His baptismal name was Basil (Greek: Βασίλειος, Basileios or Basilios). The name Bessarion he took when entering the monastery. He has been mistakenly known also as Johannes Bessarion () due to an erroneous interpretation of Gregory III Mammas.

Biography

Bessarion was born in Trebizond, the Black Sea port in northeastern Anatolia that was the heart of Pontic Greek culture and civilization during the Byzantine and Ottoman periods. The year of his birth has been given as 1389, 1395 or 1403.

Bessarion's Neoplatonism
Bessarion was educated in Constantinople, then went in 1423 to Mystras, Peloponnese to study Neoplatonism under Gemistus Pletho.

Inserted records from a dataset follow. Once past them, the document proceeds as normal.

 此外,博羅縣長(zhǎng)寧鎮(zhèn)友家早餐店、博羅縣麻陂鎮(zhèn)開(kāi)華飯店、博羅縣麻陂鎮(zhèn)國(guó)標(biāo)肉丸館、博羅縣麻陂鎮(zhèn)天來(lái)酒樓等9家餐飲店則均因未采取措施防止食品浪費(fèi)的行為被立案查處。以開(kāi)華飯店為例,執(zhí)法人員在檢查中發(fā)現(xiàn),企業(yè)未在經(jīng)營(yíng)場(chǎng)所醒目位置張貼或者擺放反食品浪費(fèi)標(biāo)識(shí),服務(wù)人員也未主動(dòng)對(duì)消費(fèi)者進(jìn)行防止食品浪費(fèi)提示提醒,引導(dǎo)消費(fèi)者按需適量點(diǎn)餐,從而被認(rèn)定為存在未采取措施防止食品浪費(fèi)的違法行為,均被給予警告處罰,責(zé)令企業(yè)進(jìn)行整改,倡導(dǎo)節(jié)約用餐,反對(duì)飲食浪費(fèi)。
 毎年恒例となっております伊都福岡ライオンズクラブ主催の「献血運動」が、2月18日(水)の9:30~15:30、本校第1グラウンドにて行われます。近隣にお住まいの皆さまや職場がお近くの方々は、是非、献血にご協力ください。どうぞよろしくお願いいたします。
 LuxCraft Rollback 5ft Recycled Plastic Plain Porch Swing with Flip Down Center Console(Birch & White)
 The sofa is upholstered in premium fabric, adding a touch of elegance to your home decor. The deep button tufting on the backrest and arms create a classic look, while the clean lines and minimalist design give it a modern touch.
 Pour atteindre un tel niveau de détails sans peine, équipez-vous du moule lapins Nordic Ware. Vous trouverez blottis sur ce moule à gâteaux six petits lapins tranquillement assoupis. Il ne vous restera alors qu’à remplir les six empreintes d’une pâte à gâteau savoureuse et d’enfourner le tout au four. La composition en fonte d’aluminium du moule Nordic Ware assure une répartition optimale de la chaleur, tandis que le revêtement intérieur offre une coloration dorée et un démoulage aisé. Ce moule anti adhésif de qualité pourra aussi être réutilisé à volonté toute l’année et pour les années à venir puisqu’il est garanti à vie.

Under Pletho, he "went through the liberal arts curriculum…, with a special emphasis on mathematics…including the study of astronomy and geography" that would have related "philosophy to physics…cosmology and astrology" and Pletho's "mathematics would include Pythagorean number-mysticism, Plato’s cosmological geometry and the Neoplatonic arithmetic which connected the material world with the world of Plato’s Forms. Possibly it also included astrology…" Woodhouse also mentions that Bessarion "had a mystical streak…[and] was proficient in Neoplatonic vocabulary…mathematics…and Platonic theology".

Bessarion's Neoplatonism stayed with him his whole life, even as a cardinal. He was very familiar with Neoplatonist terminology and used it in his letter to Pletho's two sons, Demitrios and Andronikos, on the death of his still-beloved teacher in 1452. Perhaps the most remarkable thing about his life was that a Neoplatonist could have played such a significant role in the Catholic Church for at least a brief time, though he was attacked for his views by more orthodox Catholic academics shortly after his death.

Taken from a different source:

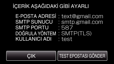 “ÇIK„ ya da “TEST EPOSTASI GÖNDER„ üzerine dokunun.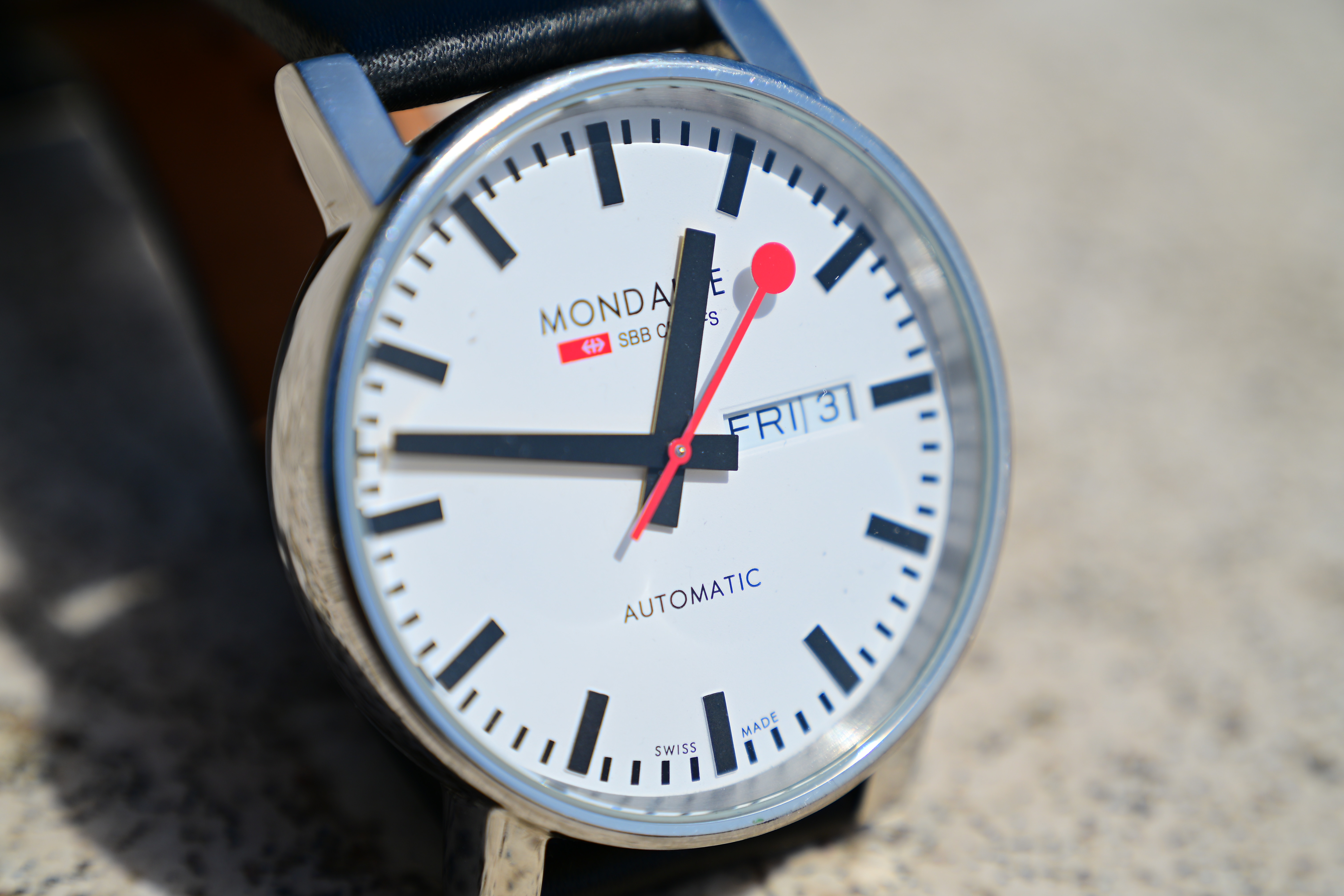Spherochromatism performance topSpherochromatism, also called secondary spherical chromatic aberration or "color bokeh," is an advanced form of spherical and chromatic aberration in a different dimension than lateral chromatic aberration and therefore cannot be corrected with software or automatic corrections. It happens mostly in fast normal and tele lenses when spherical aberration at the ends of the color spectrum (red and blue) are corrected differently than in the middle of the spectrum (green). Spherochromatism can cause colored fringes on out-of-focus highlights, usually seen as green fringes (the middle of the spectrum) on background highlights and magenta fringes (the red and blue ends of the spectrum added together make magenta) on foreground highlights. Spherochromatism is common in fast lenses of moderate focal length when shooting contrasty items at full aperture. It goes away as stopped down. This Z 24-105mm has a small to moderate amount of spherochromatism, with warm fringes ahead of and cool fringes behind the plane of perfect focus: Mondaine A132.30348.11SBB at close-focus distance, Friday, 03 April 2026. Nikon Z5 II, Nikon Z 24-105mm at 105mm wide-open at f/7.11 at 1/500 at Auto ISO 100 (LV 14.6), Radiant Photo software to add light to the shadows while retaining highlights. bigger or camera-original 24 MP © 2.2 MB BASIC ★ JPG file.

Role in the Council of Ferrara
On becoming a tonsured monk, he adopted the name of an old Egyptian anchorite Bessarion, whose story he has related. In 1436 became abbot of a monastery in Constantinople and in 1437, he was made metropolitan of Nicaea by the Byzantine Emperor John VIII Palaeologus, whom he accompanied to Italy in order to bring about a reunion between the Eastern (Orthodox) and Western (Catholic) churches. The emperor hoped to use the possibility of re-uniting the churches to obtain help from Western Europe against the Ottoman Empire. Bessarion participated in the Byzantine delegation to the Council of Ferrara-Florence as the most eminent representative of unionists, although he originally belonged to the party of anti-unionists. On 6 July 1439, he read the declaration of the Greek Association of Churches in the cathedral of Florence, in the presence of Pope Eugene IV and the Emperor John VIII Palaeologus.

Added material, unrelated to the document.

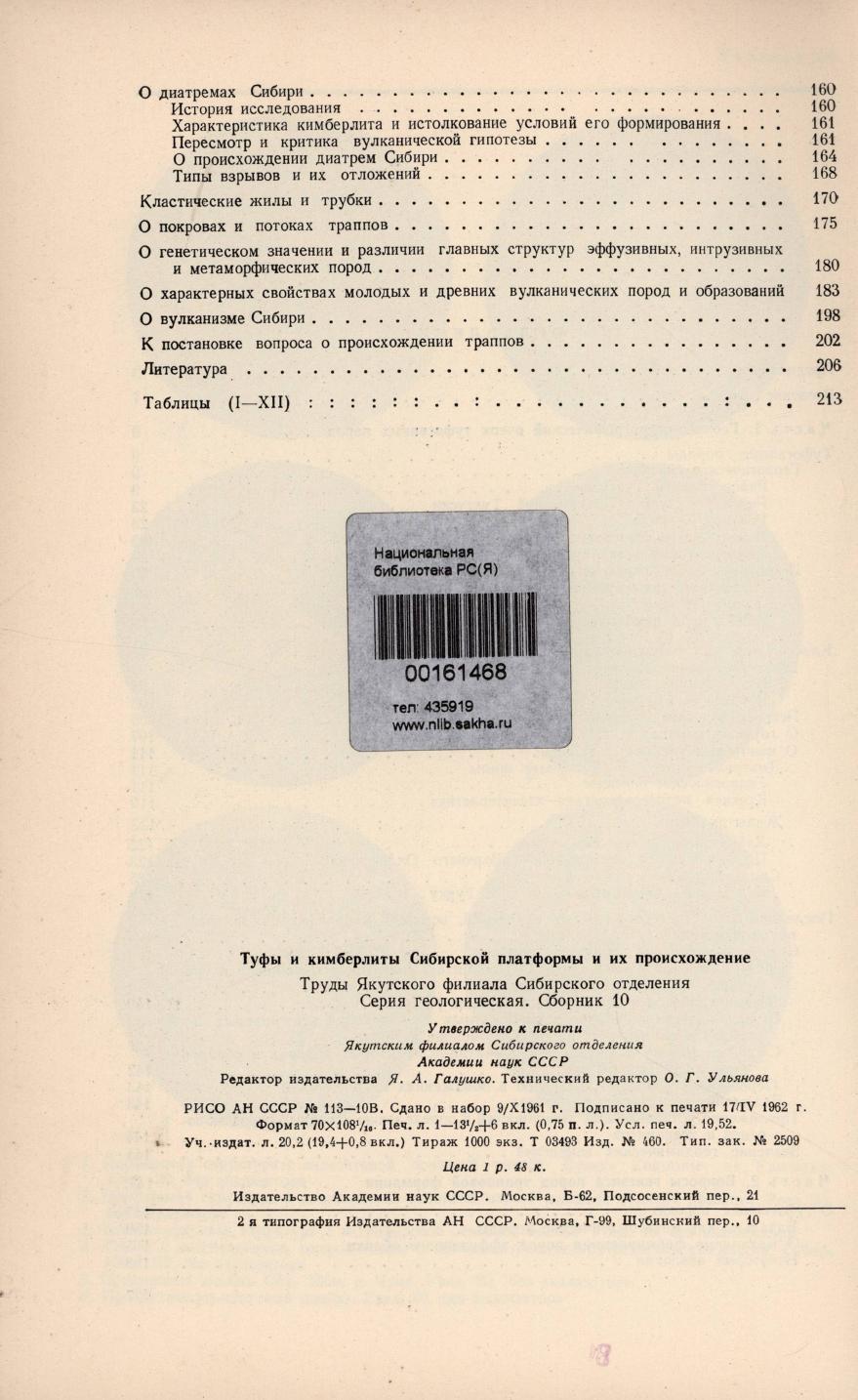 Туфы и кимберлиты Сибирской платформы и их происхождение / А. А. Меняйлов ; ответственный редактор О. А. Воробьева. - Москва : Издательство Академии наук СССР, 1962. - 227 с. : ил., табл., карт. - (Труды Якутского филиала Сибирского отделения АН СССР. Серия

Some historians have impugned Bessarion's sincerity in adhering to the union. However, Gill upholds Bessarion's sincerity in being convinced to the truth of the Roman position in the matters discussed at the Council quoting from the bishop's own Oratio Dogmatica:

Upon his return to the East, he found himself bitterly resented for his attachment to the minority party that saw no difficulty in a reconciliation of the two churches. Pope Eugene IV invested him with the rank of cardinal at a consistory of 18 December 1439.

From that time, Bessarion resided permanently in Italy, doing much (by his patronage of learned men, by his collection of books and manuscripts, and by his own writings) to spread abroad the New Learning. His palazzo in Rome was a virtual academy for the studies of new humanistic learning, a center for learned Greeks and Greek refugees, whom he supported by commissioning transcripts of Greek manuscripts and translations into Latin that made Greek scholarship available to Western Europeans. He supported Regiomontanus in this fashion and defended Nicholas of Cusa. He is known in history as the original patron of the Greek exiles (scholars and diplomats) including Theodore Gaza, George of Trebizond, John Argyropoulos, and Janus Lascaris.

He held in succession the archbishopric of Siponto and the suburbicarian sees of Sabina and Frascati. At the papal conclave of 1455 which elected the Aragonese candidate, Alfons de Borja, as Callixtus III, Cardinal Bessarion was an early candidate for his disinterest in the competition between Roman factions that pressed candidates of the Orsini and Colonna factions. He was opposed for his Greek background by the French Cardinal Alain de Coëtivy.

For five years (1450–1455), he was legate at Bologna, and he was engaged on embassies to many foreign princes, among others to Louis XI of France in 1471.  Other missions were to Germany to encourage Western princes to help their fellow Christians in the East.  For these efforts, his fellow humanist Aeneas Silvius Piccolomini, then Pius II, gave him the purely ceremonial title of Latin Patriarch of Constantinople in 1463.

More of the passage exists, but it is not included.